Nearly a quarter of a century after Wilson’s book was published, few would deny the increasing influence of the Black middle class. Now, with the welfare reform reauthorization sparking conversations about economic survival, few would deny the persistence of poverty among Americans, and disproportionately among African Americans. Some have argued about the unequal income distribution between African Americans and Whites. And most of us have danced around the question of class and the ways that it influences work, power and politics in the United States.
Thus, the work of Michael Zweig, an economics professor at the State University of New York at Stony Brook is important. His book, Working Class Majority (ILR Press), explores the many ways that class matters and why it is important. This month, the Group for the Study of Working Class Life at SUNY at Stony Brook sponsored a conference, “How Class Works,” that explored the many ways an explicit recognition of class helps us to understand the world. The conference also focused on the issue of class and power, and the undercurrent of racial economic envy that often has  undergirded race relations. In other words, poor Whites burned down Tulsa’s Black Wall Street because they envied African American economic success. Superior Black economic status was no defense against legalized and institutionalized racism in Tulsa.

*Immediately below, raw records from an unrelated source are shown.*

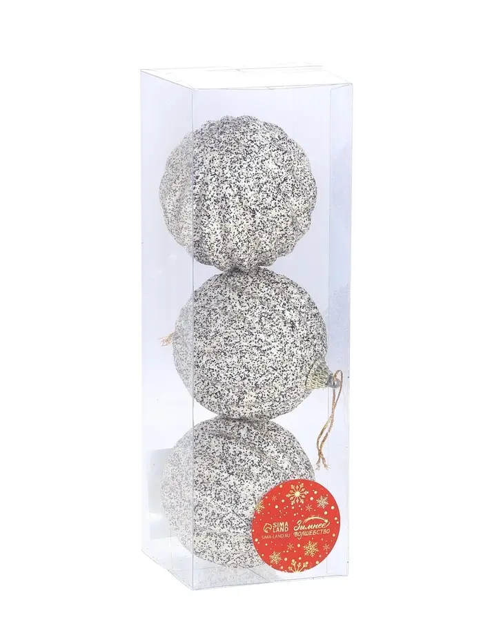 Набор из трёх серебристых ёлочных шаров диаметром 8 см представляет собой классическое украшение с оттенком шебби-шика и советской эстетики. Пластиковые шары отличаются однотонным дизайном и подходят для создания традиционного новогоднего образа.
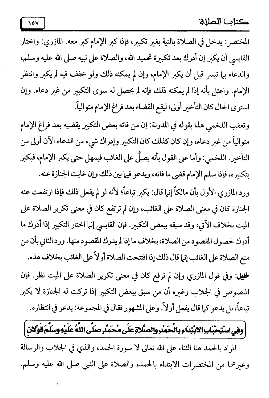 المراد بالحمد هنا الثناء على الله تعالى لا سورة الحمد، والذي في الجلاب والرسالة وغيرهما من المختصرات الابتداء بالحمد، والصلاة على النبي صلى الله عليه وسلم.
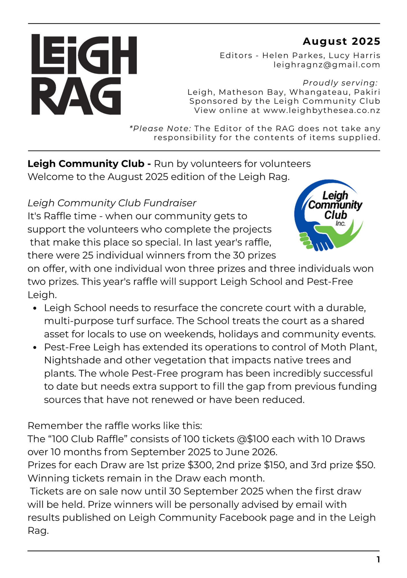 Leigh Rag August '25 - Your local Leigh & Whangateau news
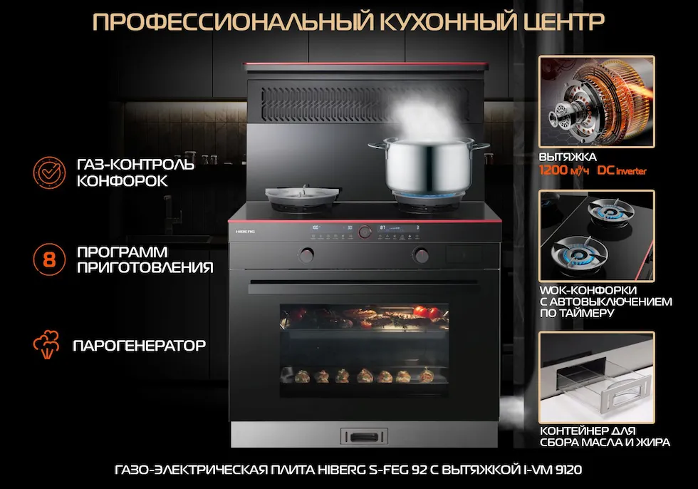 Газоэлектрическая плита HIBERG S-FEG 92 с вытяжкой i-VM 9120 и возможностью приготовления на пару – это инновационная техника, объединяющая в себе функции газовой варочной поверхности, электрического духового шкафа и вытяжки, созданная для того, чтобы сделать приготовление кулинарных шедевров легче и безопаснее.
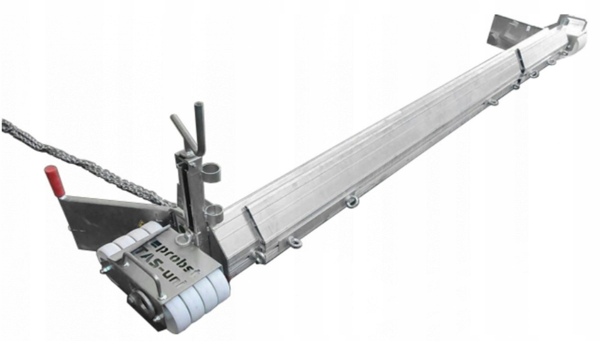 - Включеноз алюмінію 750, 1000, 1750, 2000, 3000 мм завдовжки з інтегрованим регулюванням затискачів, регульованими по висоті роликовими блоками з металевими сходинками та скребками для листового металу з інтегрованим кріпленням для необхідних сегментів з гаком для лопати системою та двома тяговими ланцюгами з гачками
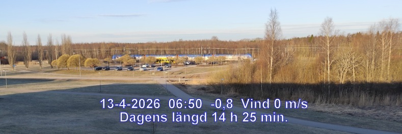 -4° C Vind 0 m/s Klart och uppehållsväder Känns som-4° Lufttryck 1027 hPa Daggpunkt-4° Fuktighet 94 % Soluppgång 05:39 Solnedgång 20:04 Dagens längd 14 h 25 min.
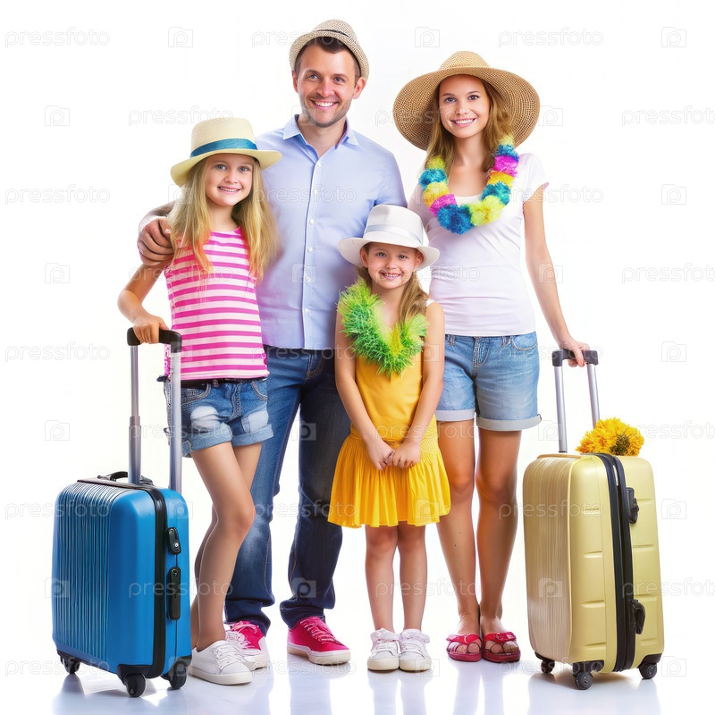 Молодая семейная пара готовится к захватывающим летним каникулам с детьми в ярких нарядах

Similarly, Ralph Nader made waves when he ran for president because he talked about class, not just race. In a Milwaukee speech he said, “It would be a mistake if we concentrate just on race and not class. They form a mutually reinforcing vicious circle, and although the most emotionally outrageous things come from racial issues, we have to connect them to the larger picture of class issues.”
Right on. In the same speech, though, Nader asked, “Do Black residents of (wealthy) Scarsdale get abused by the police? No. When people have economic power in a community, they get their calls  returned.”

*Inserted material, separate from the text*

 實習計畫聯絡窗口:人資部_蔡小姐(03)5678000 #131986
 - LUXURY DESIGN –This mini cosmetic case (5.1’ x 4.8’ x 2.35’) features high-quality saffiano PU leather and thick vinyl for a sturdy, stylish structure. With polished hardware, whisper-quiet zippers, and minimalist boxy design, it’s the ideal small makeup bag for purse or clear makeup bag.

While Nader was right that economic means often can buy a better deal for some African Americans (think O.J. Simpson), he was mistaken when he asserted that Black folks in Scarsdale don’t get hassled by the police. Indeed, most African Americans have a police story, whether they are a corporate CEO or a homey in the hood. Thus, an exploration of class is often a complicated one for African Americans.

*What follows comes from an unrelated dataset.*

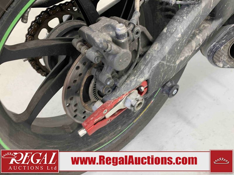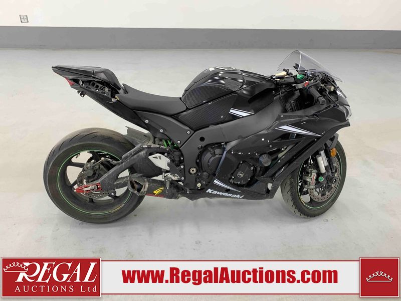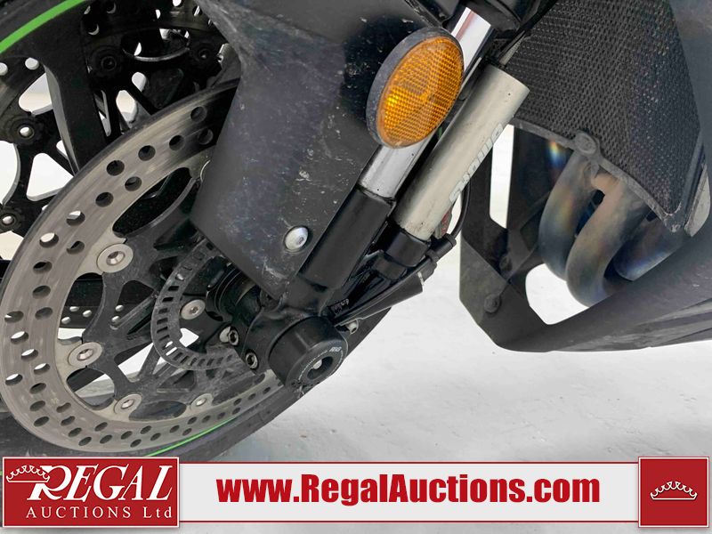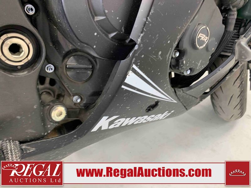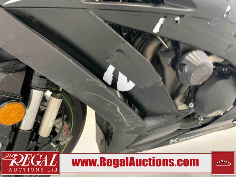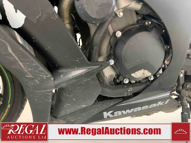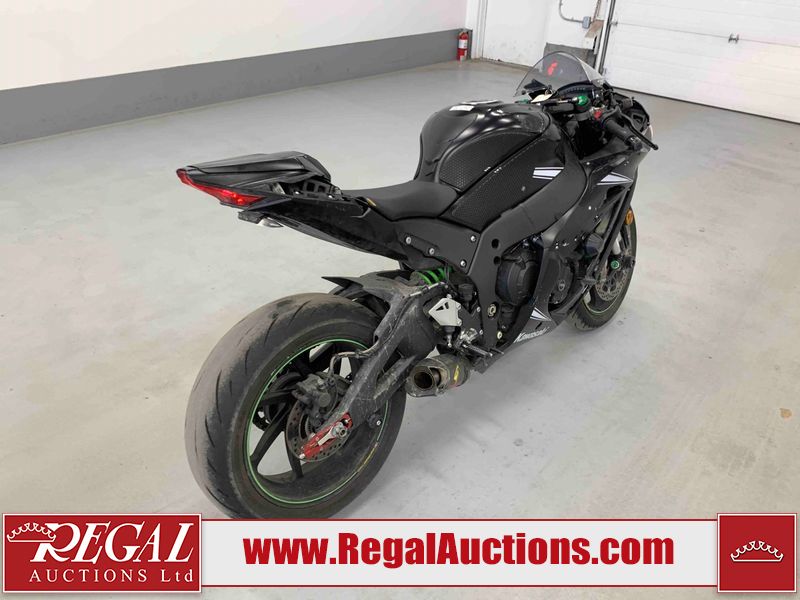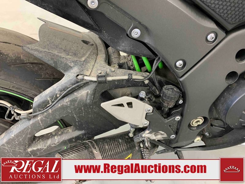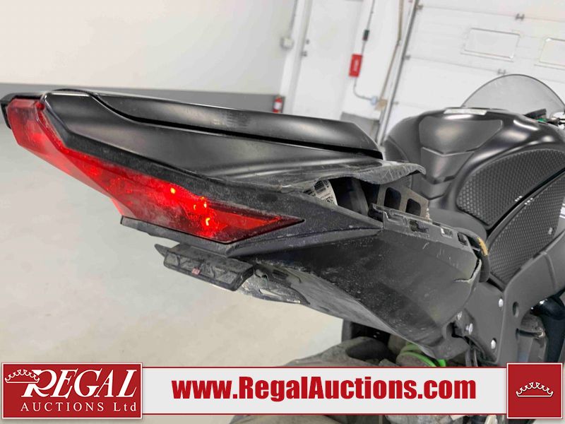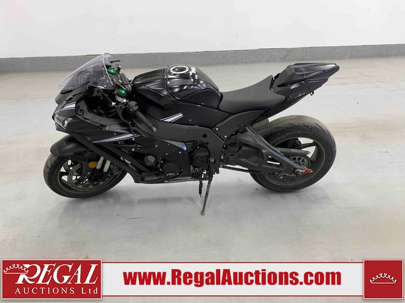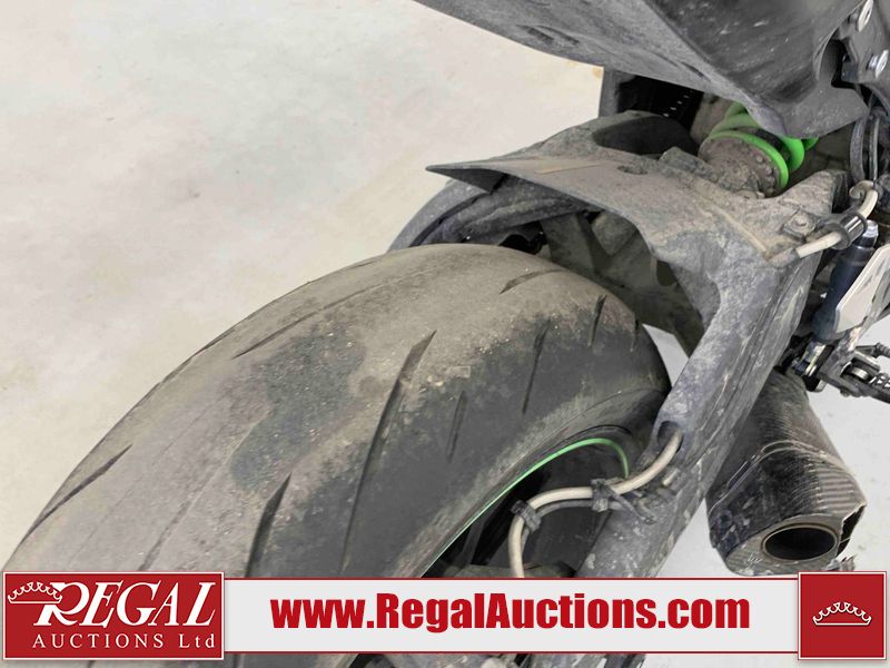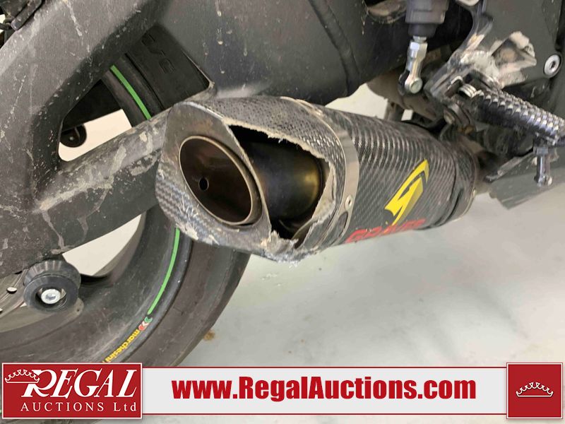 This sports style motorcycle is a 2018 Kawasaki ZX1000ZJF NINJA ZX10RR ABS model. The odometer reads 15,815 km. This unit has been dropped. Most plastics are broken and scraped. The mirrors are missing. The handlebar ends and brake levers have scrapes. The braking clutch lever are bent. The forks are bent. There are scrapes all along the left and right side of the motorcycle. The exhaust is broken. The shift lever and foot peg are missing. And aftermarket exhaust, and a swing arm extension kit have been installed. The seat is torn. The gas tank has dents. The rear mudflap and license plate bracket have been replaced. The signal lights are missing. This unit will need to be towed through the auction, the side engine plate has a punctured a hole and leaks oil. The engine starts and runs. This unit is powered by a 998 cc in-line four-cylinder liquid cooled engine with a six speed manual transmission. Sprocket and chain appears to be in OK condition for you. The rear tire is worn and will need to be replaced. Due to the missing shift lever, the condition of the transmission cannot be confirmed.

However, African Americans aren’t monolithic. With the persistence of poverty, and the set of economic changes that has been wrought by globalization and the proliferation of technology, class differences between African Americans will become even more apparent. But, it is possible to talk about class in America without suggesting that class matters more than race, or vice versa. Indeed, asking middle- and upper middle-class African Americans which is a greater influence, race or class, is like asking an African American woman whether she looks at things through a woman’s lens or through a Black lens. Instead of making implicit or explicit choices about race and class, it makes sense to study the intersection between race, class, gender and power.
If you don’t think class matters, consider Enron and the respectful way its leaders were treated by Congress when they testified at hearings. Imagine that any other kinds of criminals, who caused major economic losses for thousands of people, would be so courteously treated. Or, consider regulations that say people who live in public housing can be ejected if their relatives are drug addicts. Are members of Congress ejected from their posts if their relatives are drug addicts? Do corporate CEOs have to give up their positions because they have addicted relatives? Indeed, the entire concept of zero tolerance seems specially targeted toward the poor and working class. For others, there are always exceptions.
If more of us used class as a filter for explaining socio-economic issues, then the way class shapes certain legislation becomes clear. Zweig is to be commended for keeping the class issue alive. African American leaders and researchers could learn well from his approach as we forge 21st-century solutions to race matters.